Et dans cette aventure, il a invité toutes les communautés du pays à se joindre à lui pour freiner ces tueries à caractère ethnocentrique (plus de 300 jeunes, tués par balles, tous issus de la même communauté pratiquement.)

Toujours sur YOUTUBE, selon Mody Sory Barry, cet état de fait risquerait d’entraîner la division du pays. Il renchérit donc en disant qu’il faut combattre ce pouvoir pour empêcher que le pays ne soit en lambeau.

Ce sont des faits que nous avons vécus  depuis 2010 et que nous continuons de vivre aujourd’hui. De surcroît, ces faits, plutôt que de vous attrister, vous réjouissaient d’ailleurs, dans les couloirs, pendant que certains de vos collègues étaient presqu’en larme.

A la Haute Autorité De La Communication (HAC)

Si les propos du journaliste Ibrahima Sory Lincoln Soumah, qui n’avait fait à l’époque que dénoncer les tueries ciblées sur une communauté (les peulhs), ont été jugés dangereux et de nature à déstabiliser le pays, il serait intéressant que vous portiez un regard sur cette autre sortie qui est sans nul doute plus dangereuse. D’autant plus qu’elle découle de fausses interprétations et d’une volonté manifeste d’opposer les différentes communautés du pays pour servir les intérêts d’un pouvoir aux intentions douteuses.

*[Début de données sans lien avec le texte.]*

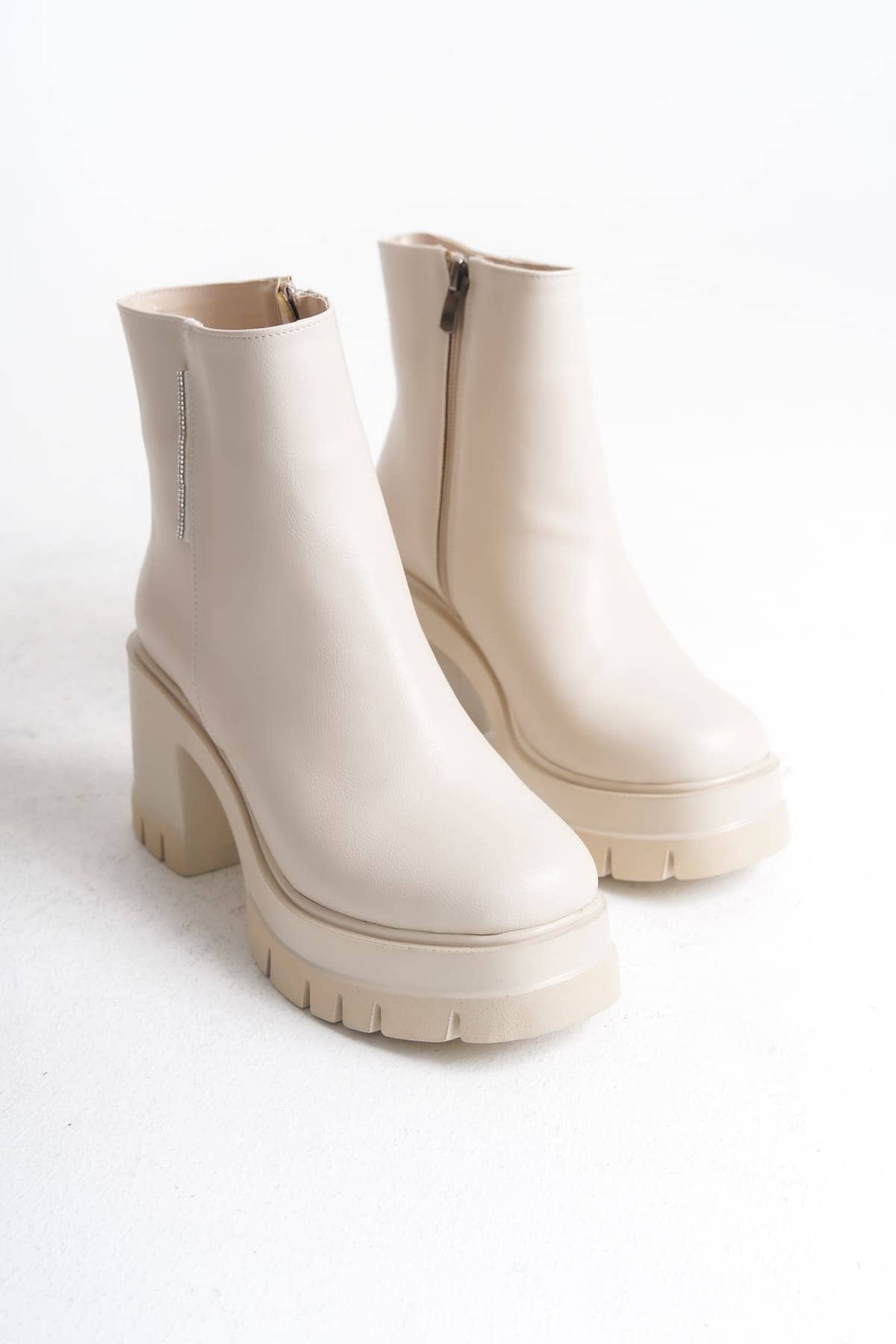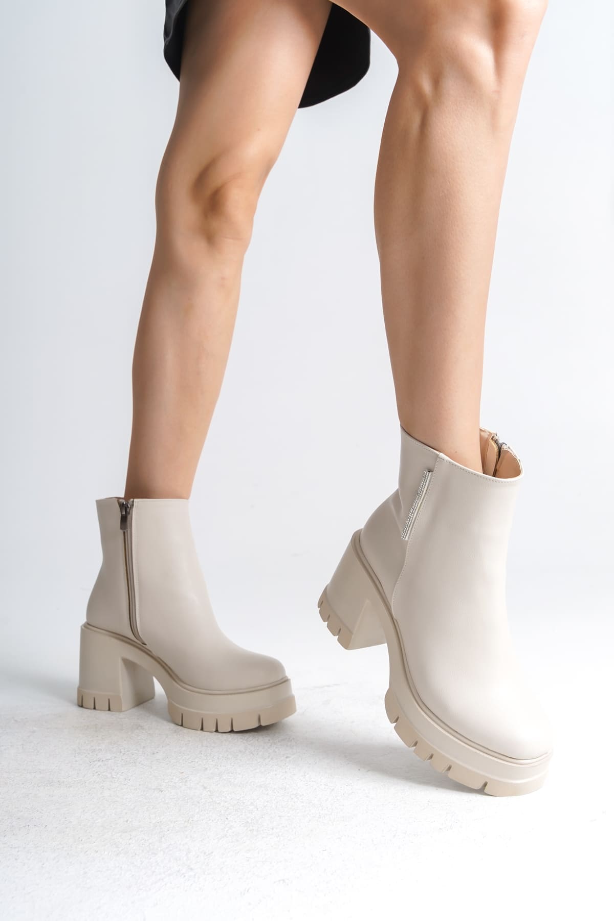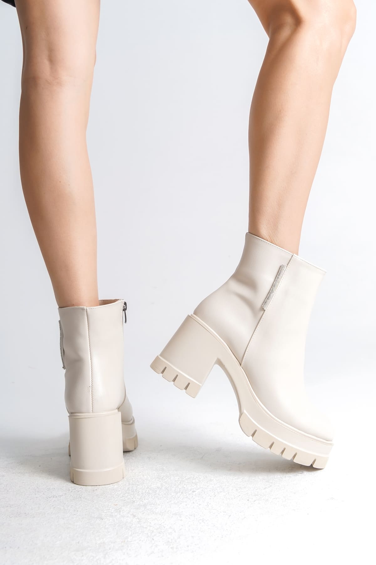 LISSE Fermuarlı Ortopedik Taban Kalın Topuklu Kadın Bot CKT – Krem

Et si on se remettait en cause ?

En attendant le réveil de la HAC, curieusement très proactive quand il s’agit de faire les yeux doux au chef, chers messieurs, le fait d’arrêter un monsieur Barry qui aurait un « projet terroriste » ne fait pas des peulhs des terroristes. La solution ne réside pas dans la diabolisation d’une communauté, mais plutôt dans l’éradication de la cause qui pourrait produire des conséquences néfastes pour tous.

Au lieu donc d’encourager le pouvoir que vous servez dans cette aventure, dites-lui d’arrêter ces assassinats ciblés contre une communauté. Et au cas où cela serait trop vous demander,  si votre objectif est réellement de servir la Guinée, ce qui surprendrait plus d’un, tâchez au moins de raconter les faits. Au pire des cas, changez de métier pour ne pas mettre le feu au pays.